Another round of strike was averted late last year by the timely intervention of the Nigeria Labour Congress and the National Universities Commission.
Muhammed Momoh, an education analyst, says ASUU went on strike 12 times last year, despite the increases in their salaries and allowances after their numerous demands to the government in 1999.
In a 53-point demand in 1999, the union sought an enhanced pay regime for its members. It demanded that the least paid university teacher should earn a basic salary of 724,000 Naira (around 7,240 U.S. dollars) annually. The highest paid lecturer, it said, should take home a basic salary of 2,903,312 Naira (around 29,000 U.S. dollars) annually.
The union also demanded an allocation of 10 U.S cents per barrel of crude oil sold per day, to the universities under a fund to be called “petroleum fund”. It also demanded that a string of property in Lagos and Abuja, the capital of Nigeria, be allocated to universities to enhance self-sustenance.
To ease their financial woes, the World Bank offered a one-billion-dollar loan to Nigeria, which the union claim would amount to the commercialisation and weakening of Nigeria’s education system.
Worried by the spate of strikes by the lecturers, the National Assembly late 2000 directed the Industrial Arbitration Panel to wade into the university crisis. At the sitting of the panel in April 2001, the union officials failed to appear.
Thomas Kangnaan, president of the National Council of Concerned Nigerian Parents (NCCNP), that was formed to protect and defend the interest of parents and their children, says parents are concerned about the uncertain future of their children.
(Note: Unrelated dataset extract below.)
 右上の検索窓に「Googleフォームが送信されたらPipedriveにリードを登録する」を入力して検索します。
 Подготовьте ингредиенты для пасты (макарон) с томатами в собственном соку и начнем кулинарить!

“The instability is caused by incessant strikes by various unions, pursuing selfish agenda. The situation has forced children of the elite to seek better education in neighbouring countries. It has also resulted in increases in the cost of educating students due to incessant closures, proliferation of satellite campuses and attendant lowering of education standard,” he says.
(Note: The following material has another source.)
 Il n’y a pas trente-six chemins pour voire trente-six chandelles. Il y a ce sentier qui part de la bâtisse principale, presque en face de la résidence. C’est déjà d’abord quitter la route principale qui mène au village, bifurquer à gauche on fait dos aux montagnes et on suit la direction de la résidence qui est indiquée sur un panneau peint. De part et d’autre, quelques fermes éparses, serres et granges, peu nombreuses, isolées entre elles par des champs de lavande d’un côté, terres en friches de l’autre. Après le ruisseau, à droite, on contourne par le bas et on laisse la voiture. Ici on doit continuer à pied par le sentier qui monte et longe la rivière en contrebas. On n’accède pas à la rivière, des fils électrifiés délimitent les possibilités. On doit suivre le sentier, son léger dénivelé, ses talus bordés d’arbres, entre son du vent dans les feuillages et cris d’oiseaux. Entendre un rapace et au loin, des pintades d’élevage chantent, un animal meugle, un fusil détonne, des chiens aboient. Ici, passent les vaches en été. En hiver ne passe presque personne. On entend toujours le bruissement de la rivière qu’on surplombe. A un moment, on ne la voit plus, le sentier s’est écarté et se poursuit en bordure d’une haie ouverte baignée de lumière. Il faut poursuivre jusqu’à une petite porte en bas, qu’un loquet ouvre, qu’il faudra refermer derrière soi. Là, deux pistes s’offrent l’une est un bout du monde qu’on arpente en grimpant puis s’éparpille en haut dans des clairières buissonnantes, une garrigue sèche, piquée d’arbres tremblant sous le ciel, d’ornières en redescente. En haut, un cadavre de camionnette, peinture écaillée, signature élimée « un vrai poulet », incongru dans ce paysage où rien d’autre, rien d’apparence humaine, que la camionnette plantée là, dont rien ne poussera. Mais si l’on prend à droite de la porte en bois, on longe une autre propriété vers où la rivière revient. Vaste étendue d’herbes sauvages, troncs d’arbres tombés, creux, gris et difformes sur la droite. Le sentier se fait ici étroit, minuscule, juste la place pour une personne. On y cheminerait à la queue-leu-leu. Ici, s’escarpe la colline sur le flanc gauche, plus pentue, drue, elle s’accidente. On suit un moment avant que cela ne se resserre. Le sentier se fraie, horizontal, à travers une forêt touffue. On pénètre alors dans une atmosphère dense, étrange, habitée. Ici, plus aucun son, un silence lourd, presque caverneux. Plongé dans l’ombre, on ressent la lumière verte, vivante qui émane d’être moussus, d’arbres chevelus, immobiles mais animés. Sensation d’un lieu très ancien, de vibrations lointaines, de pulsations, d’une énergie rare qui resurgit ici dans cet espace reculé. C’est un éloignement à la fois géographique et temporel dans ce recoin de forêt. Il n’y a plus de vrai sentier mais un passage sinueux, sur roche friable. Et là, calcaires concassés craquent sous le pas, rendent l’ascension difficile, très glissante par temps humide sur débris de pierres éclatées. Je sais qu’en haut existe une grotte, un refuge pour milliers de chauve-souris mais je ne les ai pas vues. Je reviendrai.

Government says it has released over 28.4 billion Naira (2.8 billion U.S. dollars) for recurrent expenditures and 5.85 billion (about 585 million U.S. dollars) for rehabilitation of facilities and the purchase of equipment within 2001.
“This is unprecedented in the history of Nigeria. Despite the releases, what the government is getting in return for these efforts is a system that is made unstable by incessant strikes by staff unions. This is most unfortunate and sadly unpatriotic,” says Babalola Borishade, Minister of Education.
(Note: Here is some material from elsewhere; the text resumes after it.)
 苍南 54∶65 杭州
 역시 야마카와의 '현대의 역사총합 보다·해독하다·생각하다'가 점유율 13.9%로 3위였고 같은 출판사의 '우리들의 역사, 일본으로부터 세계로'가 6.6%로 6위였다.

An allocation of about 18 billion Naira (180 million U.S. dollars) or six percent of the total budgetary allocation in 2001 was made to education, making it the fifth largest after the allocation to Power and Steel, Works and Housing, Water Resources and the Federal Capital Territory.
Parents have condemned the latest strike action and the confrontational attitude of lecturers in demanding justice for the sacked lecturers.
“They are now well paid and paid timely. Why must they start bringing in the issue of re-instating the sacked lecturers at Ilorin? After all, we hear that some of those sacked by the government are already on pensions. How can someone who is on pension be asking to be re-instated? He can only apply as a contract staff,” says Funke Alonge, a 40-year-old mother.
Alonge, whose first son graduated last year as a mechanical engineer, after seven years instead of five due to strikes by the lecturers, told IPS: “It is left for the university authority to employ pensioners or not. You can not compel government to employ people on contract, as there are so many unemployed qualified people all over the place”.
“I think the ASUU have taken their luck too far in their actions. They hardly do their work as they are always on strike, yet they demand all sorts of things. Government should deal with them once and for all if we are to have peace in tertiary institutions,” she said.